Thursday, March 19, 2009

Tragically Hip to play four Artpark shows

The Buffalo News
By Jeff Miers
NEWS POP MUSIC CRITIC


The Tragically Hip — Canada’s most popular rock band and a huge fan favorite in Western New York — will perform four shows in five days at Artpark this June, The Buffalo News has learned.

The band, which sold out two shows at the Lewiston venue last summer, will launch its tour there at 7 p. m. June 2 and continue with shows at 7 p. m. on June 4, 5 and 6, according to promoter Fun Time Presents. Fun Time’s Artie Kwitchoff and Donny Kutzbach will announce the concerts today.

Tickets for all four shows are $59.50 apiece and will go on sale at noon Friday through Tickets.com and the Artpark box office. All seats are reserved pavilion seating.

The tour is to promote the Hip’s 12th studio album, “We Are the Same,” to be released April 7.

The Tragically Hip performed its first area show within the relatively intimate confines of Nietzsche’s in Allentown back in 1989. The band, led by Gordon Downie, has been performing here ever since, in venues ranging from the Town Ballroom, to Darien Lake Performing Arts Center to HSBC Arena, building a sizable and incredibly loyal Buffalo audience in the process.

Since its formation in Kingston, Ont., where it cut its teeth in a manner similar to many Buffalo groups — covering the songs of famous acts in tiny bars and gradually sneaking in more and more of its own material — the Tragically Hip has grown into one of the most successful bands ever in Canada, selling out arenas from Vancouver to Toronto.

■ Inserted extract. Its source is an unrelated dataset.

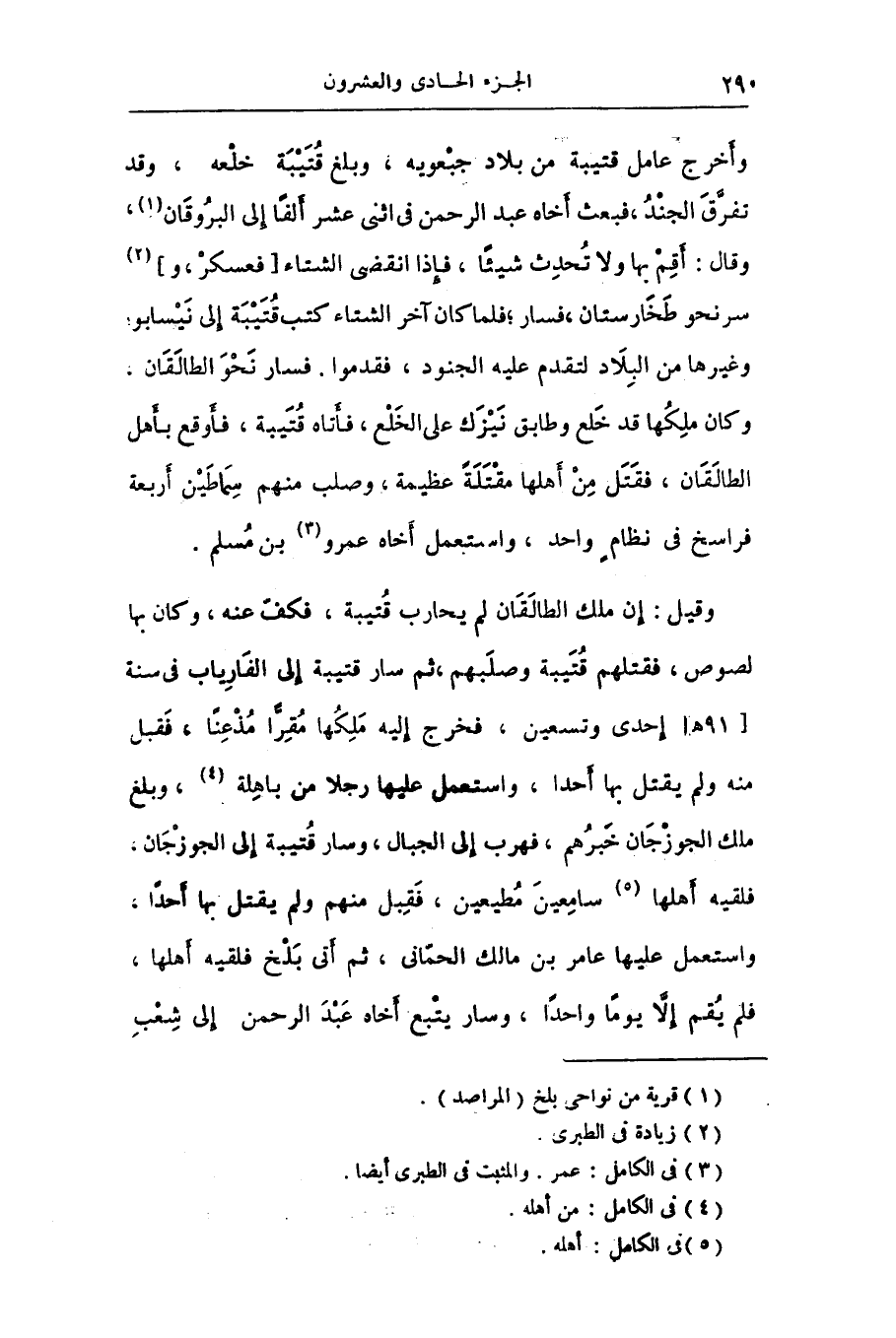 وقيل: إن ملك الطالقان لم يحارب قتيبة، فكفّ عنه، وكان بها لصوص، فقتلهم قتيبة وصلبهم، ثم سار قتيبة إلى الفارياب فى سنة [91 هـ] إحدى وتسعين، فخرج إليه ملكها مقرّا مذعنا، فقبل منه ولم يقتل بها أحدا، واستعمل عليها رجلا من باهلة «4» ، وبلغ ملك الجوزجان خبرهم، فهرب إلى الجبال، وسار قتيبة إلى الجوزجان، فلقيه أهلها «5» سامعين مطيعين، فقبل منهم ولم يقتل بها أحدا، واستعمل عليها عامر بن مالك الحمّانى، ثم أتى بلخ فلقيه أهلها، فلم يقم إلّا يوما واحدا، وسار يتبع أخاه عبد الرحمن إلى شعب

Buffalo has long mirrored Canada’s Hip-mania. And though the Hip has amassed a vast fan base here and in other border cities such as Detroit, in most other parts of the United States, it remains more of a cult act, routinely playing in midsize clubs.

“We in Buffalo know what Canada knows,” said Kutzbach. “This is one of the last great rock bands of our era. There is a definite artistic side to the band; they’re great musicians, and Gord Downie is a wonderful poet. But there’s also always that salt-of-the-earth, blue-collar aspect to what they do. It’s real, genuine rock ’n’ roll, and that’s something to value, because it’s so rare today.”